In the process of continuous deformation of two ribs in coal roadway, the stress variation laws of anchor cables with different lengths are completely different. (1) When anchor cable lengths are 4.0 m and 6.0 m, the stresses are not coordinated with surrounding rock deformation, that is, anchor cable stress maintains a relatively stable state in the process of continuous increase of surrounding rock deformation, which is obviously not synchronous and inconsistent with the mine pressure of roadway surrounding-rock. (2) When anchor cable length increases to 10.0 m, the stress also increases to a certain extent with continuous deformation process of surrounding rock. The anchor cables can anchor the surrounding rock and limit the deformation of coal roadway. (3) As anchor cable length increases to 14.0 m, the stress changes greatly compared with that when anchor cable length is 10.0 m, and the maximum stress can reach 238 kN, showing the coordinated characteristic consistent with the deformation trend of two ribs’ surrounding rock of coal roadway. It is concluded that anchor cable with length of 14 m plays a marvelous anchoring role in roadway surrounding-rock significantly.

In summary, when anchor cable length is small (< 6 m), the damage range of surrounding rock in both ribs of coal roadway exceeds the scope of anchor cable support. The surrounding rock in shallow anchoring rock of two ribs will be squeezed out as a whole by deep coal body, which means that shallow anchoring rock will undergo overall structural extrusion deformation. When anchor cable length is greater than 10.0 m, it can play a certain anchoring role, and when anchor cable length increases to 14.0 m, the anchoring effect is better.

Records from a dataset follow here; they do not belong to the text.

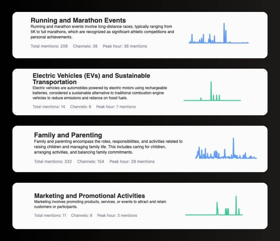 By analyzing millions of spoken conversations in social media channels, the platform automagically identifies emerging topics, trends and channels before they hit the mainstream.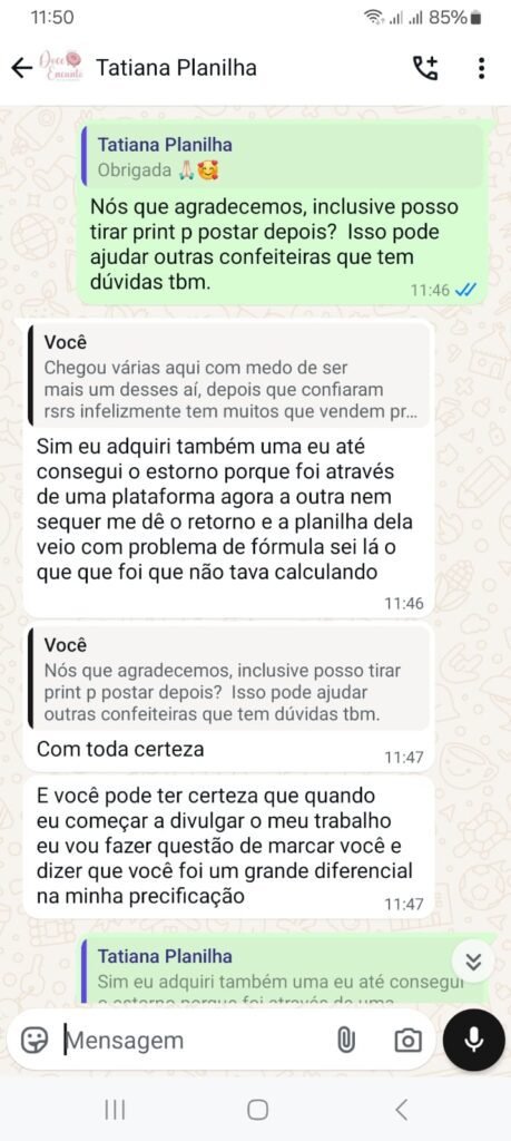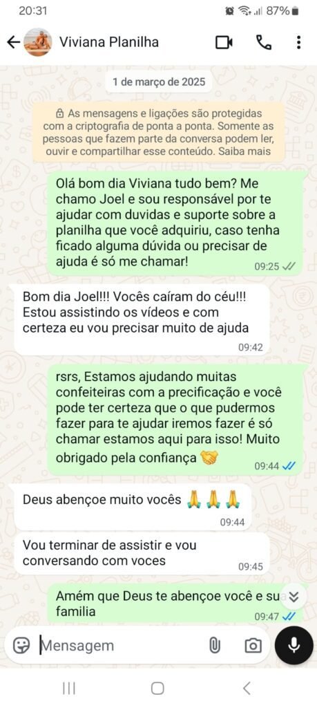 Nossa planilha foi desenvolvida para se adaptar perfeitamente a você que Precisa precificar suas receitas com maior precisão. Com ela, você poderá inserir todos os seus custos e margens desejadas, obtendo um preço final calculado de forma automática. Se ainda tiver dúvidas, Basta chamar nosso suporte que prestamos todo auxilio necessário exclusivo para tirasr suas dúvidas diretamente no WhatsApp!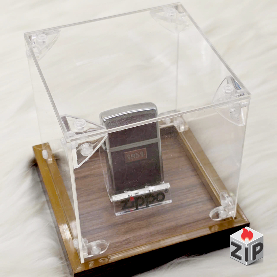 Hộp trưng bày zippo cao cấp mica trong đế vân gỗ (kt 10x10x12 cm)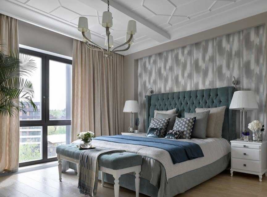 Красивый интерьер спальни в пастельных и черных тонах Источник dekorin.me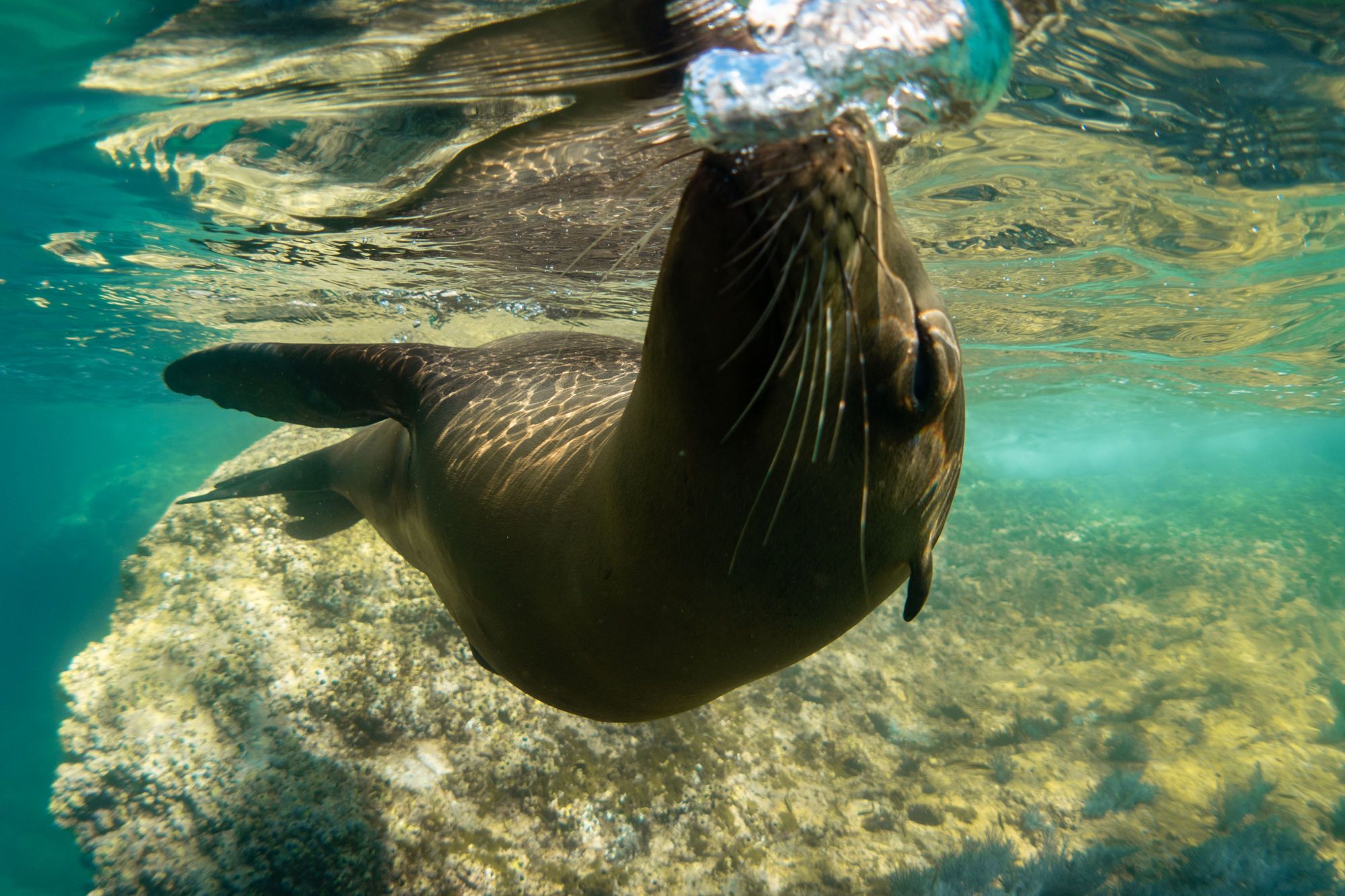 We began our morning with a great breakfast while anchored in Garner Bay. All the activities in the morning included time in and around the warm Galapagos waters. Some went deep-water snorkeling and had the chance to see a variety of fish distinct in both shape and color. There were marine iguanas feeding in the water, sea turtles, and a bunch of sea lions following and playing with us! Other guests went to the beach to get some snorkeling lessons provided by our expert naturalist, where they also had the chance to enjoy additional time with the sea lions. After, we all gather to conclude our adventures at the beautiful coral beach. We were surprised by the wonderful hotel staff over an amazing Andean lunch. Afterward, we sat in on a series of photography lessons from naturalist Walter Perez.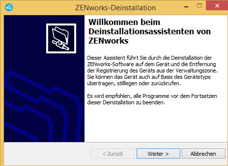 ZENworks-Installationsverzeichnis\novell\zenworks\bin\ZENworksUninstall.exe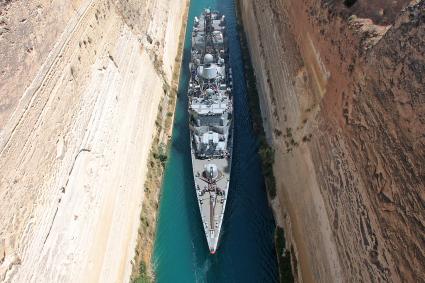 Die Fregatte NIEDERSACHSEN durchquert den Kanal von Korinth. Bild: Ricarda Schönbrodt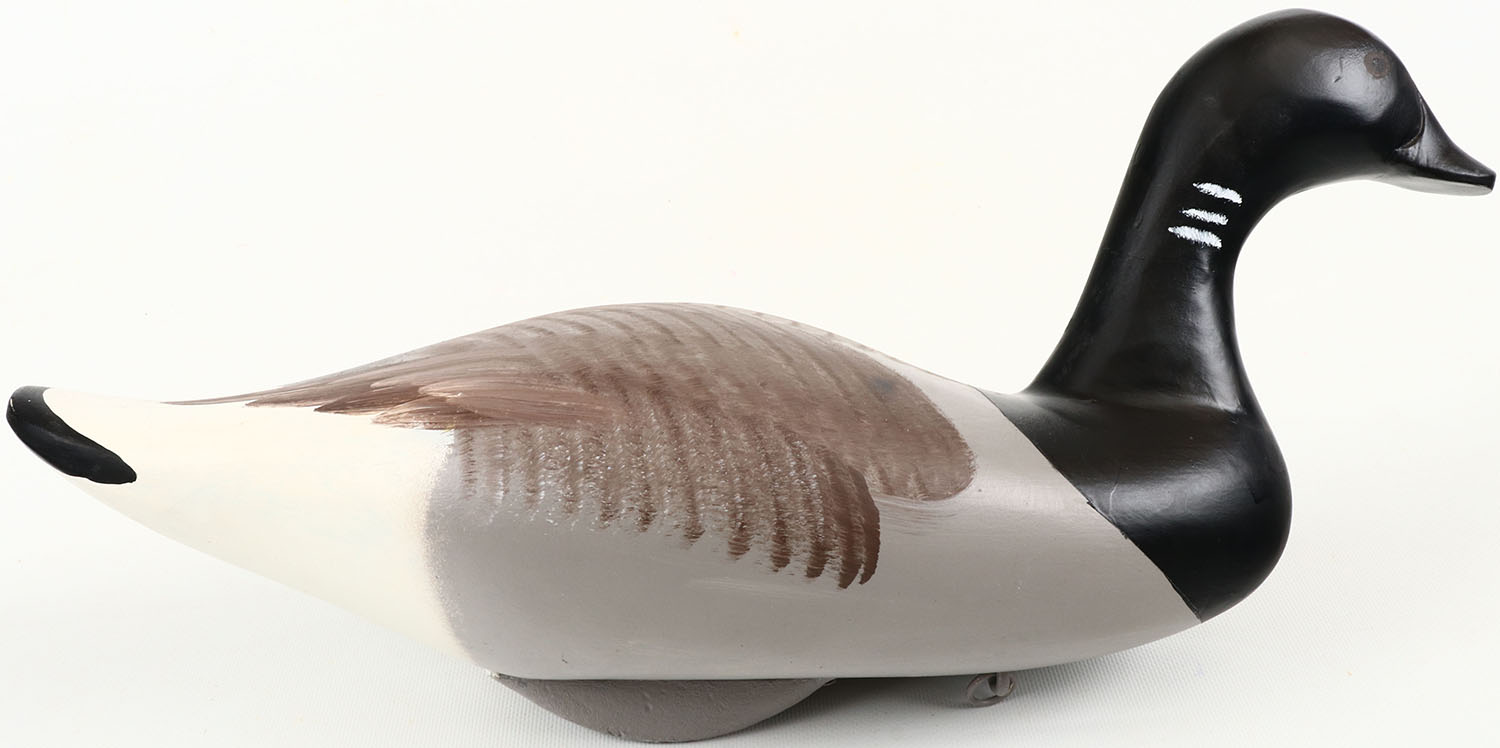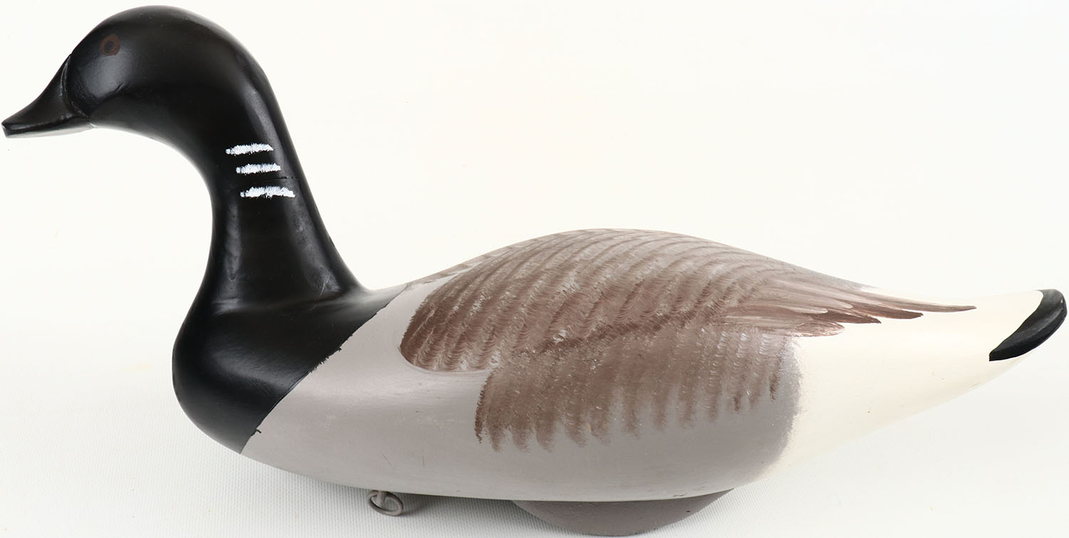 Black Brant by Bob Jobes, Havre de Grace, MD, solid wood, painted eyes, near mint original paint, structurally, bottom is signed. Grade: Excellent ++ - Value: 40 to 150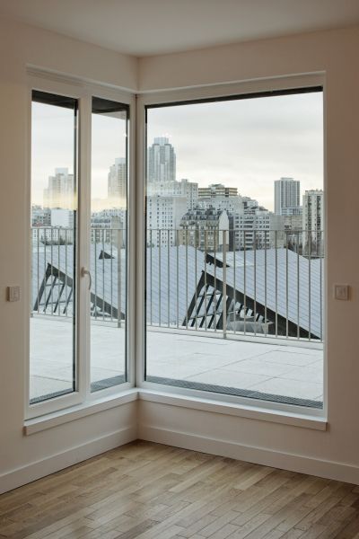 Un noyau unique de circulation vertical composé d’un escalier encloisonné et d’un ascenseur dessert le sous-sol et les six niveaux supérieurs. Les quatre premiers abritent deux petits appartements mono orientés, un deux pièces d’angle et deux T3 traversants aux extrémités. Les 5e et 6e niveaux sont concentrés sur la rue Pajol en adossement sur le pignon du 29. Leurs retraits successifs dégagent de larges terrasses accessibles.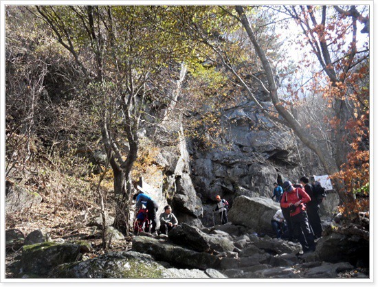 오늘은 세석산장을 들러지 않고 곧바로 한신계곡으로 하산하기로 했습니다. 정말 엄청난 가꼬막이 끊임없이 이어집니다. 내려가는 우리야 약간의 조심만 하면 되지만 올라오는 부부는 죽을 지경인 모양입니다. 오만상을 찌푸리는 아내의 얼굴은 다시는 신랑을 따라 산에 오지 않겠다는 표정입니다. 2년 전 여기로 올라오다 양다리 쥐라는 놈을 만나 식겁 먹은 적이 있는 곳이기도 합니다. 본격적인 한신계곡이 시작되었는지 졸졸 물 흐르는 소리가 들려오고 점점 계곡이 깊어집니다. 드디어 경쾌하게 물줄기가 쏟아지는 오층폭포가 나타나고 계곡을 건너는 나무 다리들이 여럿 나타납니다. 그냥 걷기만 한다면 지루하기 짝이 없는 계곡이지만 경치에 조금만 관심 갖는다면 정말 아름다운 계곡입니다. 수심을 가늠하기 힘든 가내소폭포는 한신계곡 최고의 명소이거늘 어느 생각없는 부부의 돼지고기 굽는 냄새가 천지를 진동해 서둘러 자리를 떠났습니다. 첫나들이폭포를 지나고나니 아직 끝내지 않은 백무동의 가을단풍 잔치판이 어제처럼 벌어져 있습니다. 시인의 마을에서 국립공원공단 직원들이 설문조사를 요청하여 동참하려고 펜을 들었는데 또 귀에 익은 목소리가 들립니다. 무슨 질긴 인연이 이렇게 징그럽도록 따라 다닌단 말입니까? 안동동창들이 또 거기에 있었습니다. 전혀 다른 시간에 다른 길로 걸었는데 일부러 약속이나 한듯이 딱 맞아 떨어진 겁니다. 참 별일이 다 있다 생각했습니다. 그냥 헤어지면 섭섭하니 하산주를 같이 하기로 하였습니다. 당연 꿀맛이었습니다.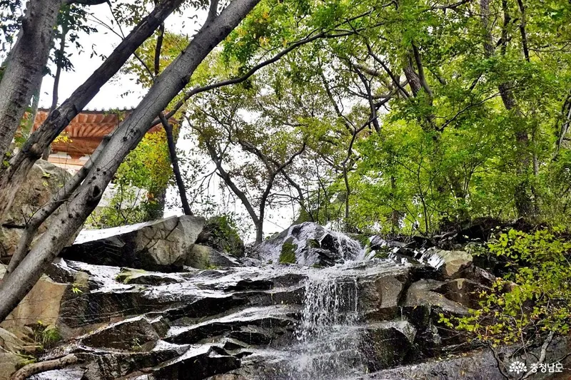 10월 길었던 연휴에 비가 자주 내리면서 울창한 숲 사이 암반지대에는 작은 폭포가 형성되었습니다. 하늘이 감추었다는 사찰이 더욱 신비로워졌습니다.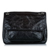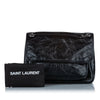 This YSL Niki shoulder bag features a quilted leather body, a curb chain strap, a front flap with a magnetic closure, a front slip pocket, and interior zip and slip pockets.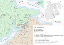Le fort Beauséjour (renommé par les Britanniques en fort Cumberland) est situé dans le hameau d'Aulac, à Pont-à-Buot, dans la province canadienne du Nouveau-Brunswick, juste au nord de la rivière Mésagouèche qui forme, par son cours d'eau, la frontière avec la province voisine de la Nouvelle-Écosse. Le fort est un lieu historique national depuis 1920.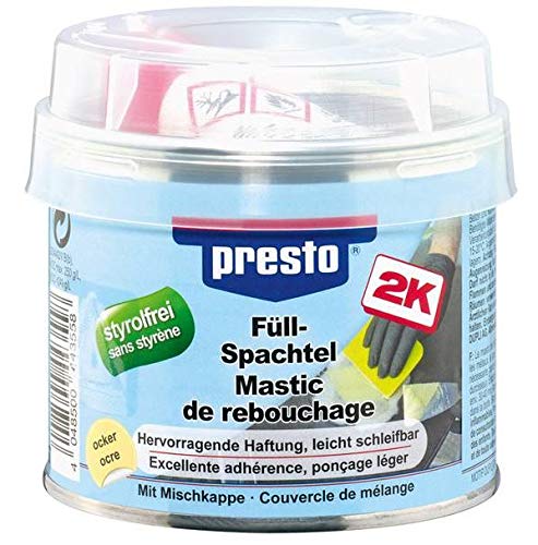 Le composé de remplissage presto sans styrène est un mastic de remplissage en polyester bicomposant constitué d’un mélange de résine de polyester moyennement élastique, hautement réactive, préaccélérée aux amines, avec différents minéraux, et des agents de remplissage respectueux de l’environnement. Mise en œuvre simple les marches d’escalier, l’installation de chevilles et boulons d’ancrage, etc. Mastique Carrosserie Voiture Résine NS Polyester Polyvalente Tous Matériaux Sans Styrène - ING Pate A Bois Durcisseur Styrène Reduit Remplissage - EUR 12,70.À VENDRE! Applicable au métal, au bois, au béton. Pour remplir les trous et les bosses, les spatules couvertes des surfaces réservées lors de la réparation des pièces du... Applicable sur métal, bois et béton. Le mastic de remplissage sans styrène presto est un mastic de remplissage et de reconstruction bicomposant sous forme de mélange d'une résine polyester moyennement élastique, très réactive, pré-accélérée aux amines avec différents agents de remplissage minéraux et respectueux de l'environnement Résiste aux acides faibles, bases, gaz propulseurs, solvants, à l’eau et au sel de déneigement Pour une utilisation universelle dans l’ensemble du secteur des loisirs et du bricolage. Presto Füllspachtel 500 g kaufen bei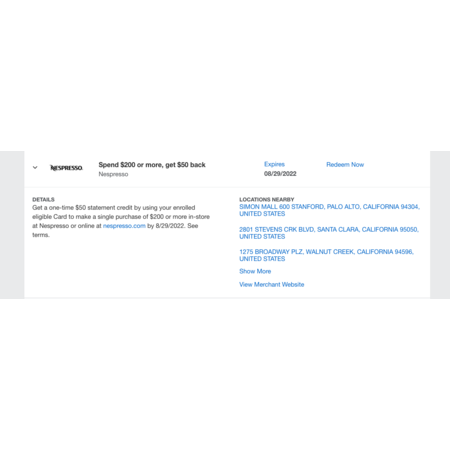 Some Amex cards are offering Nespresso Spend $200 or more, get $50 back deal.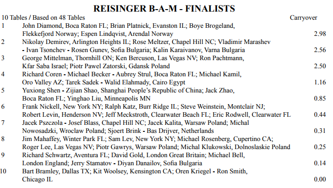 Feltet i REISINGER er slanket til ti lag som skal spille finalerunder søndag (amerikansk tid). Brogeland og Lindqvist på lag med John Diamond og Brian Platnick leder.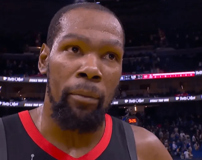 赛后,火箭球员凯文-杜兰特接受了场边记者的采访,并谈到了库里。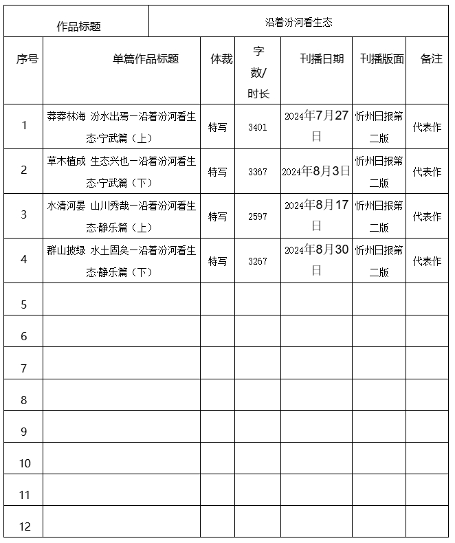 經(jīng)忻州日報社編委會研究決定,以下作品擬推薦申評第34屆山西新聞獎,現(xiàn)予以公示。有反對意見者,請將反對意見書面報至統(tǒng)計考核部。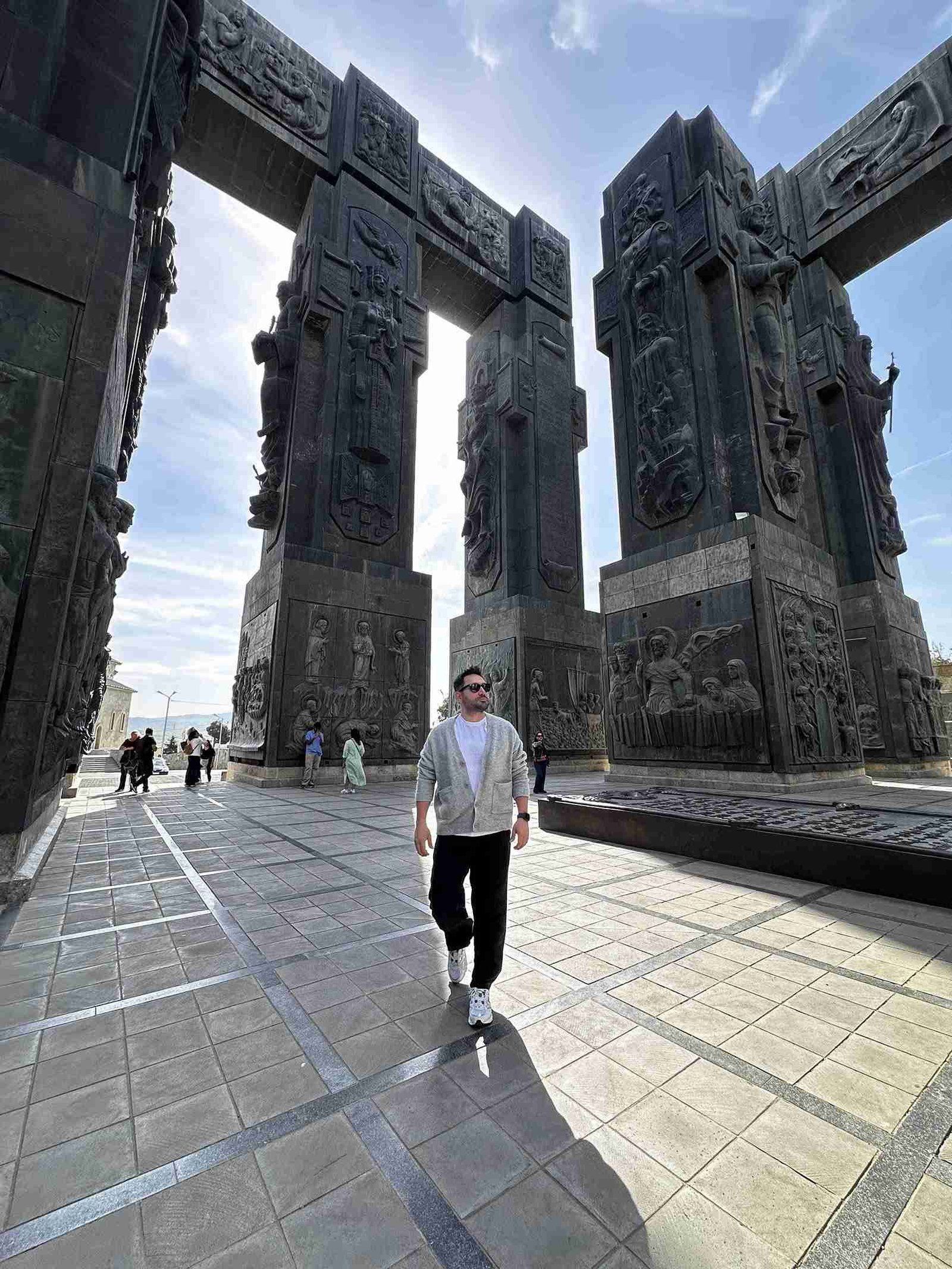 Sovyet heykeltıraş Zurab Tsereteli tarafından 1985’te başlanan devasa anıt. 16 dev sütun üzerinde Gürcü kralları ve İncil sahneleri işlenmiştir. Çok az turistin bildiği ama görsel olarak en güçlü, en epik noktalardan biridir.

It can be concluded that the failure depth of surrounding rock in two ribs of coal roadway is large (beyond the support range of anchor cables), and the whole surrounding rock of shallow anchorage supporting structure is extruded, which leads to continuous large-deformation of surrounding rock. The joint failure mechanism of large deformation is revealed and formed, in which entire coal mass in the deep area migrates into the coal roadway and acts on the anchoring support system.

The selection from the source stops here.